One of the ongoing problems of cancer immunotherapy is patient selection. Clasp addresses that by designing a therapy to address a particular combination of a cancer-driving mutation and HLA type. It’s here where Clasp builds on existing clinical practice. HLA typing has been done for years as a way to match organs to transplant patients, Ross explained. There are tests for that. Those tests can also be used to understand if a patient has the right HLA type for a Clasp drug.

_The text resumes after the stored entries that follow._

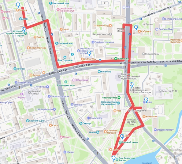 Маршрут экскурсии: гостиница «Лида» – Лидский замок – Костел Воздвижения Святого Креста – Отдел ремесел и традиционной культуры – Лидская районная библиотека им. Янки Купалы – Лидский историко-художественный музей – место окончания экскурсии.
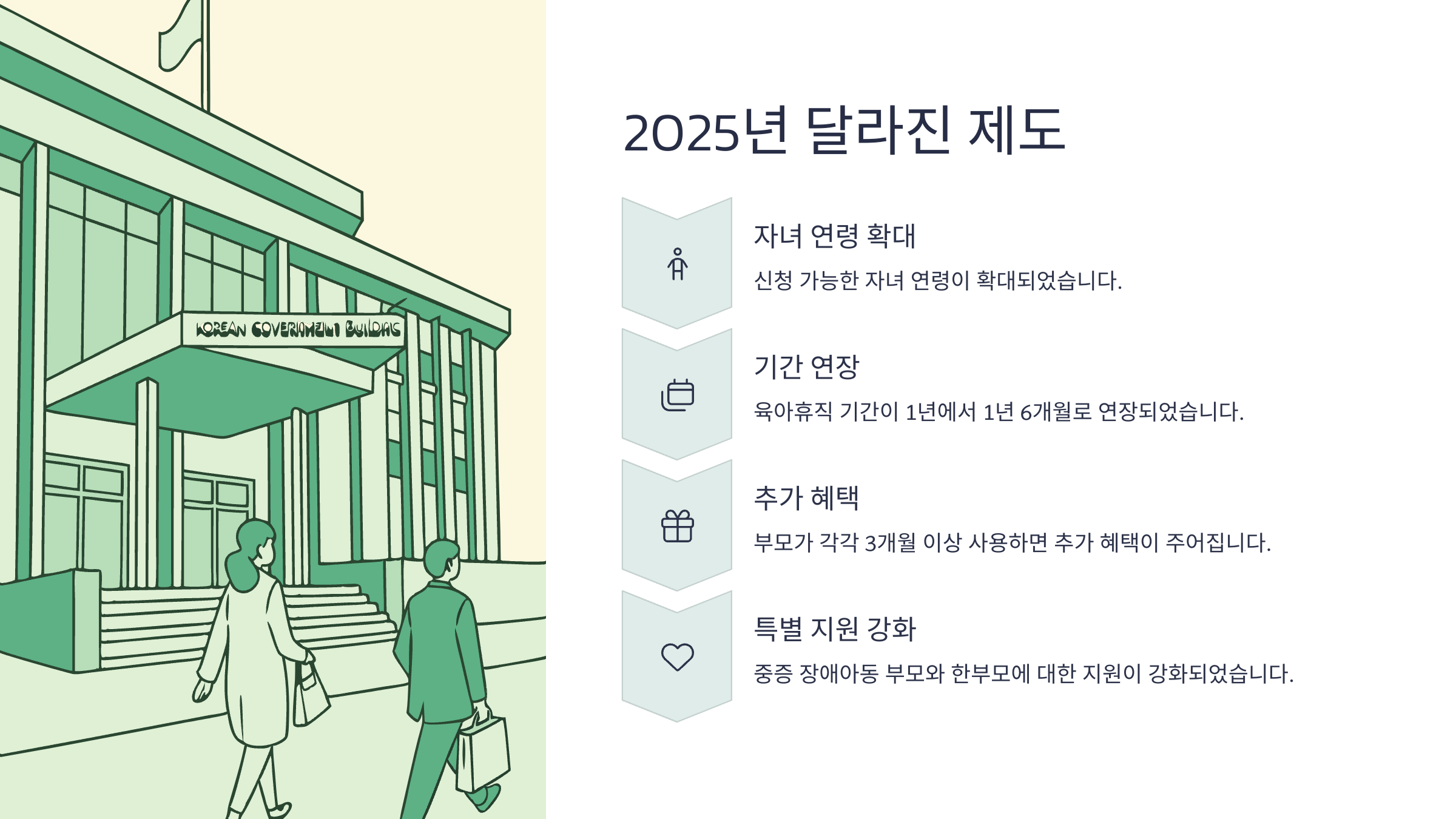 2025년의 변화된 육아휴직 제도는 단순히 '사용 가능'에서 '실제 사용에 용이함'으로 진화하고 있어요. 한 번뿐인 아이 성장기, 똑똑하게 혜택 챙겨보세요 👶✨
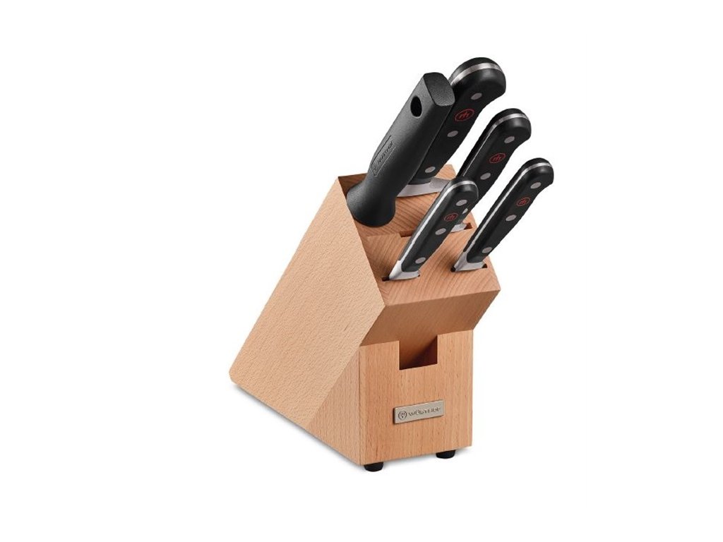 Prémiová súprava kuchynských nožov Wüsthof CLASSIC v elegantnom stojane z masívneho dreva prináša základné nože, ktoré potrebujete na každodenné varenie aj náročnejšie kulinárske výzvy.
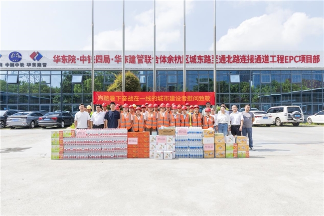 8月5日,中铁四局余杭城东路项目联合杭州市余杭区住建局法规科及建筑行业协会开展“送清凉、送法治进工地”慰问活动。
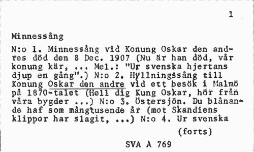 //// 1 //// Minnessång //// N:o 1. Minnessång vid Konung Oskar den andres död den 8 Dec. 1907 (Nu är han död, vår konung kär, .Mel.i "Ur svenska hjertans djup en gång".) N:o 2. HVllningSsång till Konung Oskar den andre vid ett besök i Malmö på 18701-talet (Hell dig Kung Oskar, hör från våra bygder .,.) N:o 3. Östersjön. Du blånande haf som mångtusende år (mot Skaiidiefts klippor har slagit, ...) N:o 4. Ur svenska //// (forts) //// SVA A 769 ////
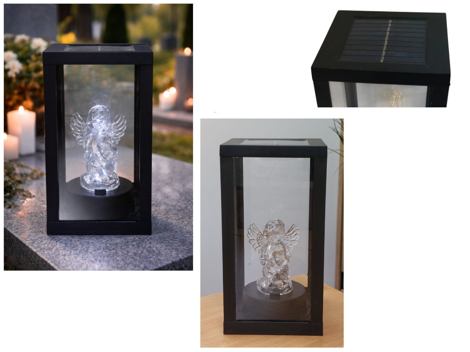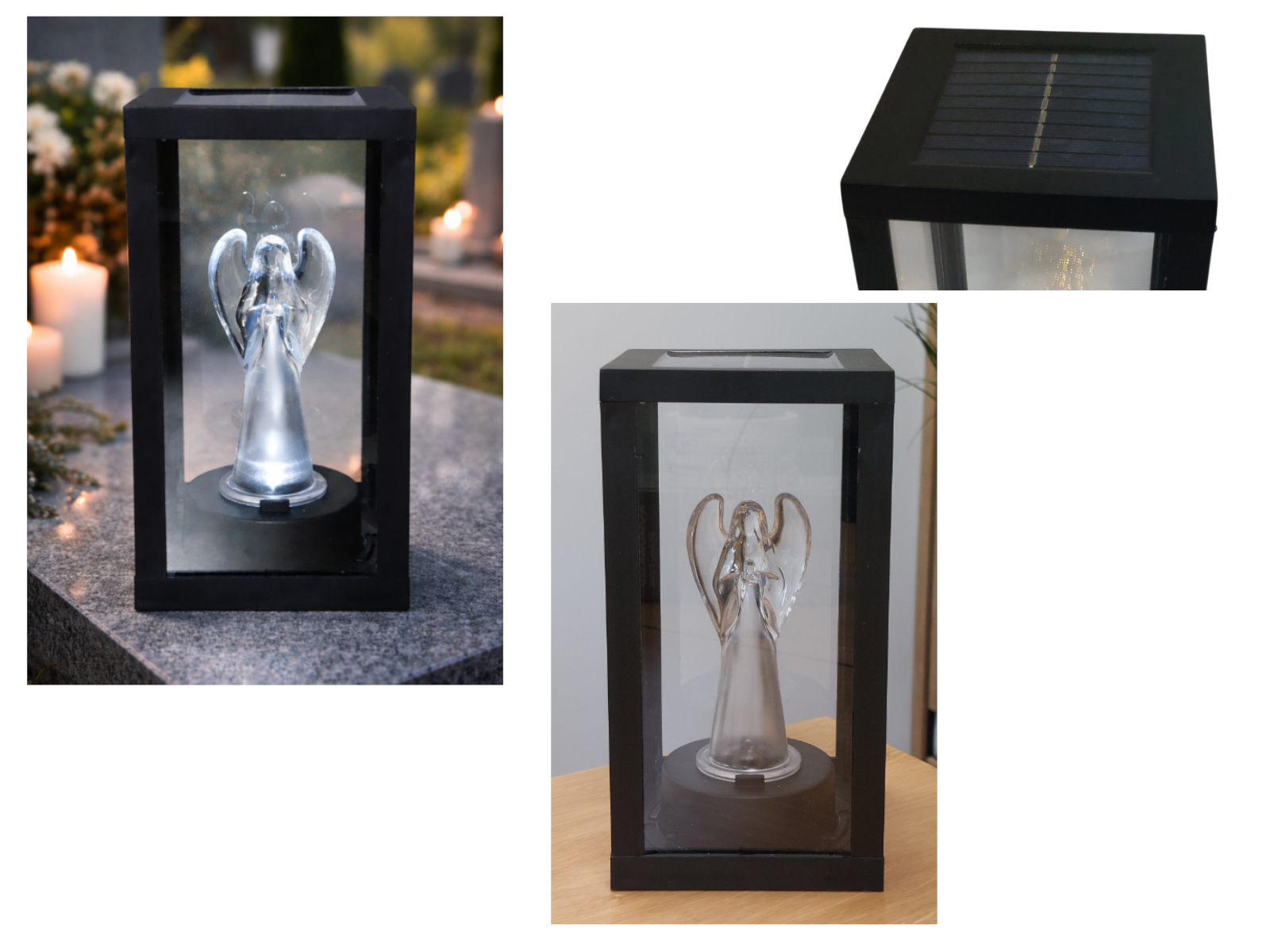 Latarenka SOLARNA szkło-plastik z akrylowym stojącym Aniołem 20x10x10 - CZARNA
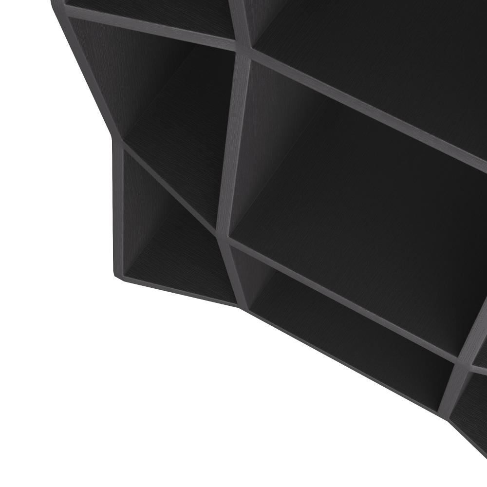 Subtle zigzags elevate the classic structure of our bookcase. Designed with shelving of varied depths, its playful angles add dynamism to any space. Finished in ebony over white oak veneer.
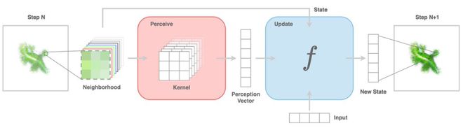 例如,Mordvintsev 等人提出的通用 NCA 架构可被概念化为一种「带有逐单元 dropout 的循环残差卷积神经网络」。

Clasp’s approach is not as personalized as a CAR T-therapy, which is made by engineering a patient’s own immune cells. But designing a drug for a particular HLA type offers what Ross calls a “spectrum of personalization,” a well-defined group of patients who have a particular cancer mutation and a specific allele. The scope of patients eligible for a Clasp drug will be smaller than that of say, a checkpoint inhibitor. But one problem with that type of immunotherapy is some patients don’t benefit and it’s not clear why. Going after a defined patient spectrum means there’s a much better sense of who will benefit and who will not, Ross said. He added that as someone who earlier in his career was a practicing oncologist, there’s also value in telling patients which treatments won’t work for them. But with Clasp’s technology, finding a therapy that will work is a matter of using the same scaffold to design a drug addressing a different cancer mutation and HLA type combination.

“I strongly believe in the power of immuno-oncology,” said Ross, whose experience includes senior roles at Bluebird Bio and Surface Oncology. “I also strongly believe we need to do a better job in selecting patients.”